CA’s eTrust is a corporate-focused product, and has been submitted in much the same form for just about all VB100 tests I have run. This month was no different, and the familiar interface, its frustrations of slow connection times slightly less intrusive than usual, powered through the tests in splendid time. On-access archive scanning appeared to be absent, despite a number of options relating to such scanning being activated – single-level zip and jar archives were penetrated in this mode, but no other types or greater depths. On-demand scanning proved more thorough, although ACE and self-extracting EXEs were only probed one level deep.

Detection levels were very high, with almost complete coverage across the test sets and the WildList covered without difficulty. Without false positives CA easily makes the grade required for a VB100 award.

Doctor Web’s product presented the same slick and solid design which impressed me in the last test, although the rather basic font used in the installer looks slightly out of place in its glossy surroundings. The clear layout of the interface made testing smooth and problem-free, with sensible defaults and deep configuration available. A few times on shutting down the on-access scanner there were error messages that claimed there were issues with disabling the protection, but it certainly seemed to have closed properly and restarted without further problems.

Scanning speeds were excellent, particularly in the default mode, which uses a ‘smart’ setting to determine which files are worth scanning. With thorough scanning of all files enabled things slowed down somewhat, but detection was pretty good across the board, with no more than a few files missed in each set, most of them down to file types not scanned by default. No false positives were in evidence, but unfortunately for Doctor Web a few items added to the latest WildList were not covered, and the VB100 award remains just out of reach.

The latest incarnation of ESET’s product was reviewed on its release a few months ago (see VB, November 2007, p.19), and received some rather effusive praise for its stylish looks and smart design. As NOD32 version 3 appeared on the VB100 test bench for the first time, the stylishness and clever layout continued to impress, allowing the tests to be run through with great simplicity and making the testing experience a joy.

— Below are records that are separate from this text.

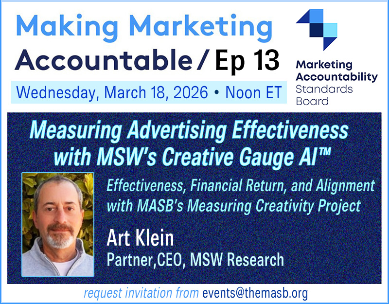 Creativity is often celebrated in advertising, but how should it actually be measured? MASB’s Measuring Creativity Project defines creative effectiveness as the combination of originality and real business impact. In this webinar, Art will discuss how MSW’s Creative Gauge AI™ aligns with these principles and uses decades of empirical research on advertising content to evaluate creative effectiveness. The session will explore how marketers can better understand the relationship between creative decisions, advertising effectiveness, and financial return.
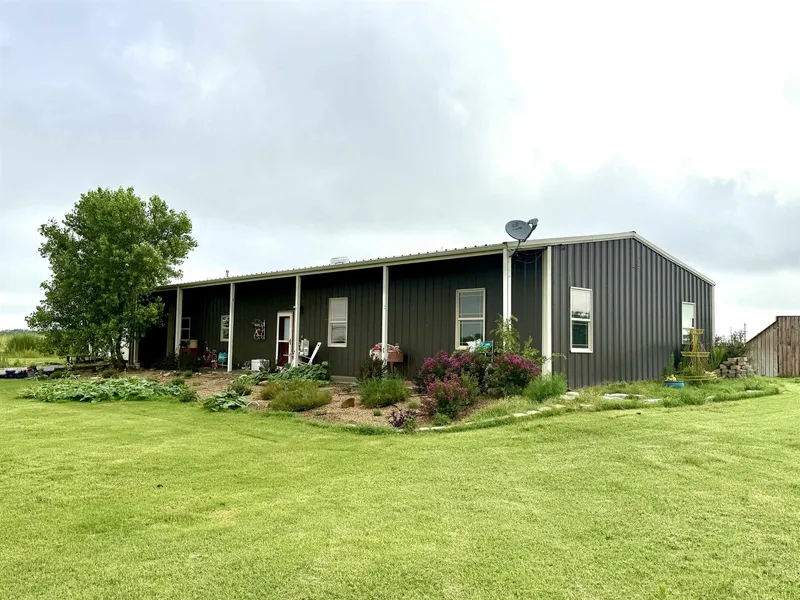 Welcome to this beautiful 4 bedroom 2 bath barndominium with a durable metal roof, nestled on 13 acres of land. Offering just over 2000 square feet of living space, this home features a spacious open concept layout and a large kitchen equipped with quartz countertops, large island, tons of cabinet and counter space, under cabinet lighting. The sink has a delta water faucet, it is turned on and off by touch and the reverse osmosis is plumbed int the fridge. Additional highlights include a versatile office/catch-all room, a 1 car attached garage, 8 row water sprinkler system, water softener, water well, back up generator, steel corrals, a loafing shed, and livestock fencing. The 60 x 40 with a lean to is wired, insulated and vented and features 14 foot side walls with 2 overhead doors. Ideal for projects for storage. A cozy man cave is located in the barn, and a small office building ...
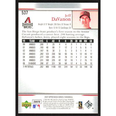 This is a 2007 Upper Deck Jeff DaVanon baseball card. The card is #537 and pictures show condition.
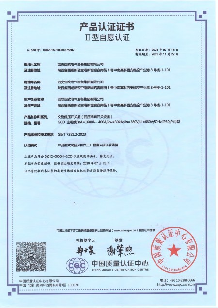 - 關于我們 - 資質(zhì)榮譽 - 交流低壓開關柜(GGD)資質(zhì)
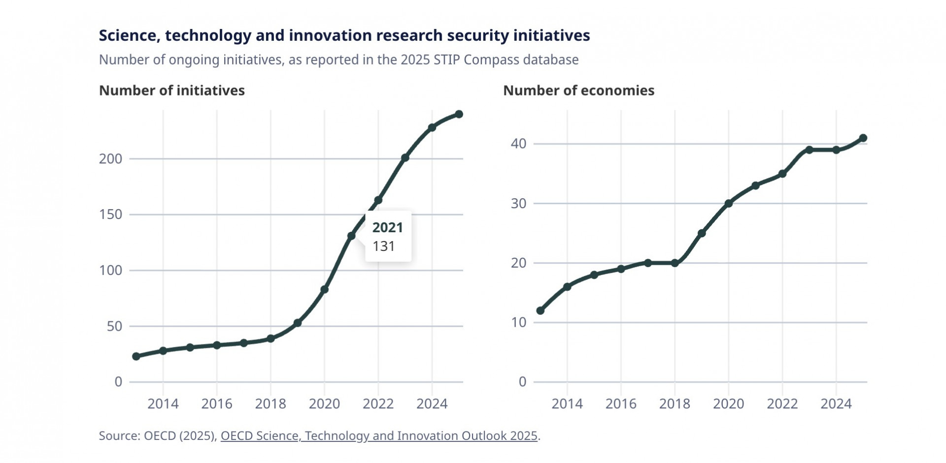 Il documento mostra un forte aumento delle misure di sicurezza per la ricerca, volte a proteggere la ricerca sensibile (tecnologie militari, intelligenza artificiale, crittografia e informatica quantistica, biotecnologie) e a prevenire interferenze straniere. Nel 2025 i Paesi hanno segnalato 250 di queste politiche, quasi dieci volte in più rispetto al 2018. Nello stesso periodo, il numero di Stati che ne era dotato è salito da 12 a 41.
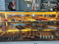 - В отеле два с половиной бара на все население. С половиной потому, что третий находится на самом солнцепеке около горок и закрывается то ли в 17, то ли в 18, да и находится на самых задворках. Остаются бар у пляжа-бассейна и в лобби. Как результат постоянные очереди, в которых стояли вместе поддатые взрослые, пышущие перегаром, и дети, этот перегар вдыхающие. Постоянно все заканчивалось: то сок, то кофе в кофемашинах, то еще что-то. Короче, просто беда. За стаканом томатного сока по пол-часа стоять приходилось. Зато в лобби есть очень милая кондитерская с пироженками и хорошим кофе. И там работают просто чудесные улыбчивые девочки. Это слегка примиряет с недостатками. Хотя... бар, заявленный работающим 24 часа... Короче, утром еще побегаете чтобы кофе получить - в кофемашине либо кофе, либо вода закончились, бармена с фонарями не найти.
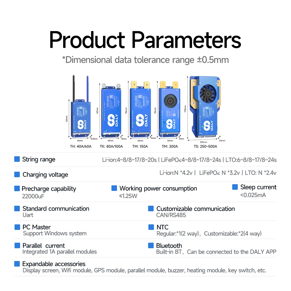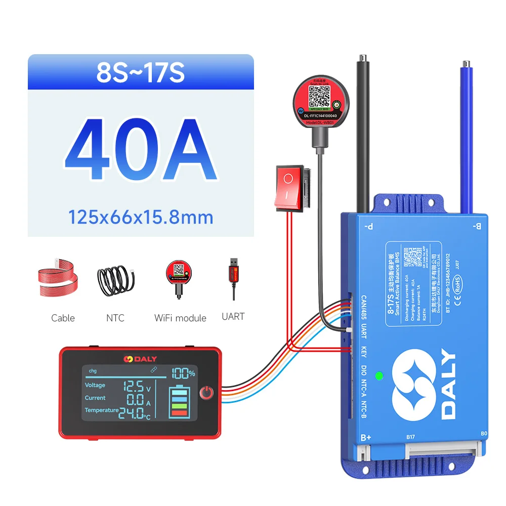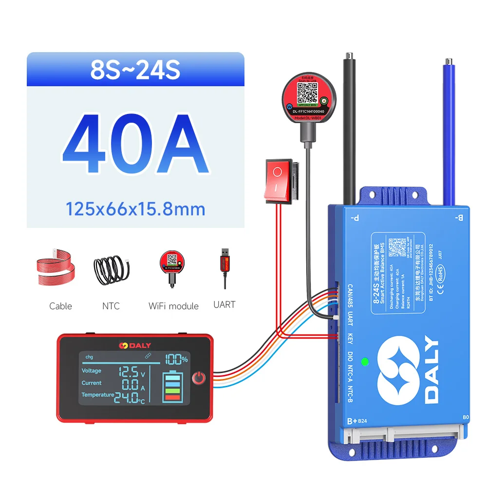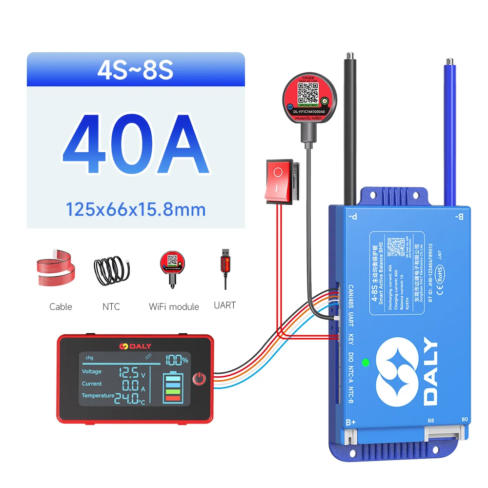 DALY BMS Active Balance 1A 100A 150A 40A 60A 12V 24V 48V 200A pour 4S 8S 16S LiFePo4 BMS avec écran LCD 3.0 pouces RS485 UART WIFI KEY

Speeds were as excellent as ever, although probing into archives slowed things down somewhat, and this depth of scanning was not available on access – one of the only options notably absent. Detection could not be faulted in most sets, although a set of samples of an aged DOS polymorphic virus which caused no problems in previous tests were not detected with this version, returning an ‘internal error’ message in logs. This does not affect NOD32’s qualification for the VB100 award, which was achieved easily with full detection of the WildList set and no false positives.

Fortinet’s product provided a similarly problem-free run through the tests.

The installation, updating and configuration processes are familiar, the core interface having changed little for some time. The product is clearly laid out with all the required elements readily to hand, despite a wide range of other functionality (beside the anti-malware protection) being controlled from the same interface.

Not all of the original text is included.